We are committed to maintaining and improving our credit ratings. In order to maintain and improve these credit ratings, we may consider it appropriate to reduce the amount of indebtedness outstanding following the merger. This may be accomplished in several ways, including issuing additional shares of common stock or securities convertible into shares of common stock, reducing discretionary uses of cash or a combination of these and other measures. Issuances of additional shares of common stock or securities convertible into shares of common stock would have the effect of diluting the ownership percentage that shareholders will hold in the combined company and might reduce the reported earnings per share. The specific measures that we may ultimately decide to use to maintain or improve our credit ratings and their timing, will depend upon a number of factors, including market conditions and forecasts at the time those decisions are made.
Pending shareholder suits could delay or prevent the closing of the merger or otherwise adversely impact our business and operations.
Several class action lawsuits have been brought by purported Nicor shareholders challenging Nicor’s proposed merger with us.
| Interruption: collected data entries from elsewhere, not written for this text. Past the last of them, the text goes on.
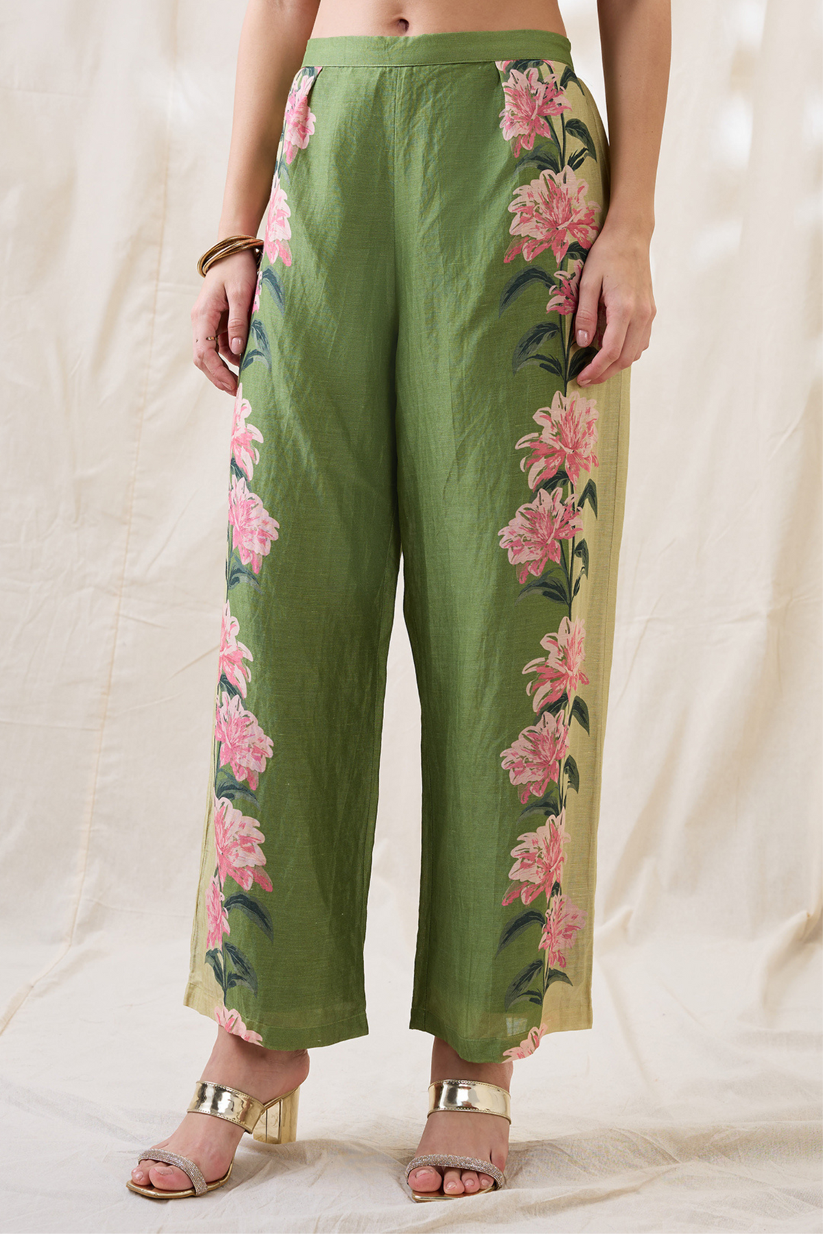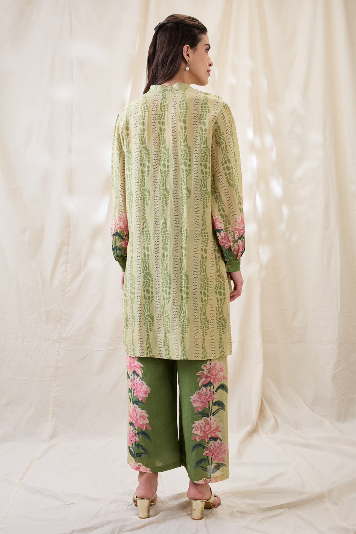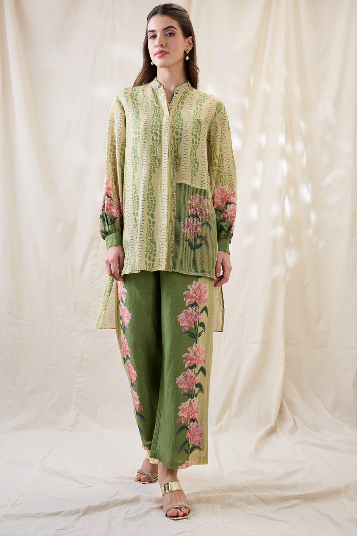 Green ravya embellished high-low shirt with full sleeves, paired with straight pants in linen..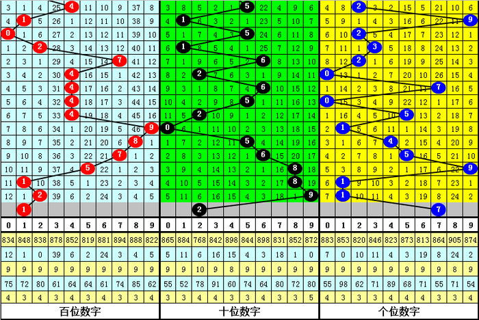 百位杀号:上期百位开出号码2,历史上百位号码2已开出838次了,最近100次百位号码2出现之后,其下期各号码频次差异为:号码6出现18次,4、7出现15次,3、9出现10次,5出现9次,0出现7次,8出现6次,1、2出现5次。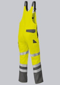 Bretelbroeken worden vaak gedragen in combinatie met werkshirts en veiligheidsschoenen.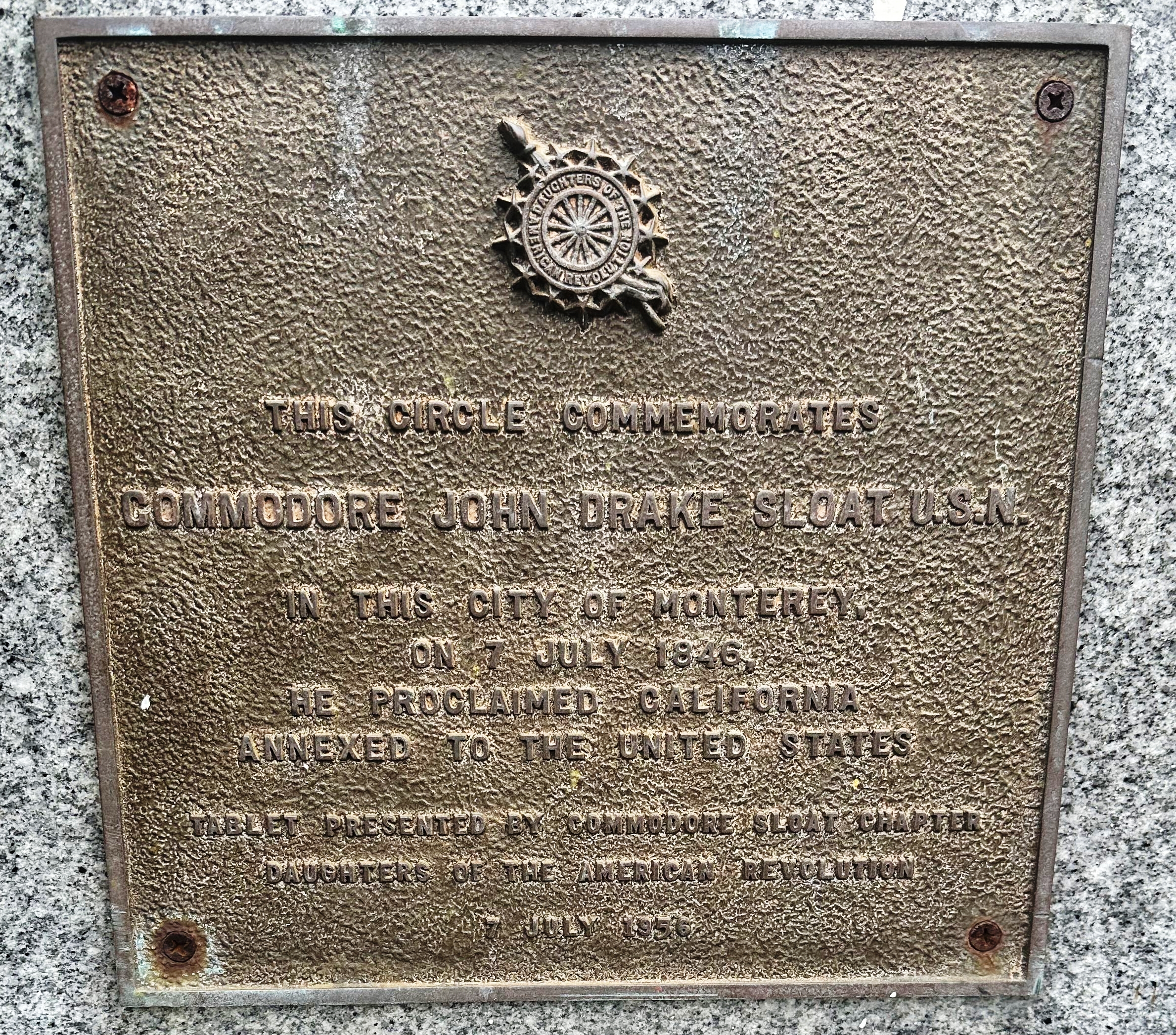 COMMODORE JOHN DRAKE SLOAT CIRCLE MEMORIAL PLAQUE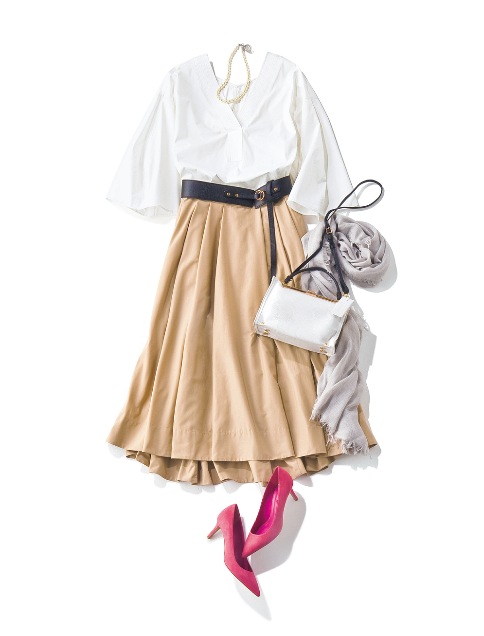 ブラウス¥13,500(エミ アトリエ/エミ ニュウマン新宿店)スカート¥ 18,000(ガリャルダガランテ/ガリャルダガランテ 表参道店)ベルト¥6,500(アクアガール/アクアガール丸の内)ストール¥13,000(マリアーニ/ユナイテッドアローズ 丸の内店)バッグ¥34,000(POTIOR/ショールーム セッション)パンプス¥30,000(ファビオ ルスコーニ/ファビオ ルスコーニ六本木店)ネックレス¥7,778(アビステ)

The complaints allege that we aided and abetted alleged breaches of fiduciary duty by Nicor’s Board of Directors. The shareholder actions seek, among other things, declaratory and injunctive relief, including orders enjoining the defendants from completing the proposed merger and, in certain circumstances, damages. No assurances can be given as to the outcome of these lawsuits, including the costs associated with defending these lawsuits or any other liabilities or costs the parties may incur in connection with the litigation or settlement of these lawsuits. Furthermore, one of the conditions to closing the merger is that there are no injunctions issued by any court preventing the completion of the transactions. No assurance can be given that these lawsuits will not result in such an injunction being issued which could prevent or delay the closing of the merger.
In March 2011, the parties entered into an agreement to resolve all of the shareholder lawsuits, subject to court approval, based on Nicor providing certain supplemental disclosures to our joint proxy statement filed on April 28, 2011. The parties expect to submit the agreement to the court for approval.
There have been no other significant changes to our risk factors included in Item 1A of our 2010 Form 10-K.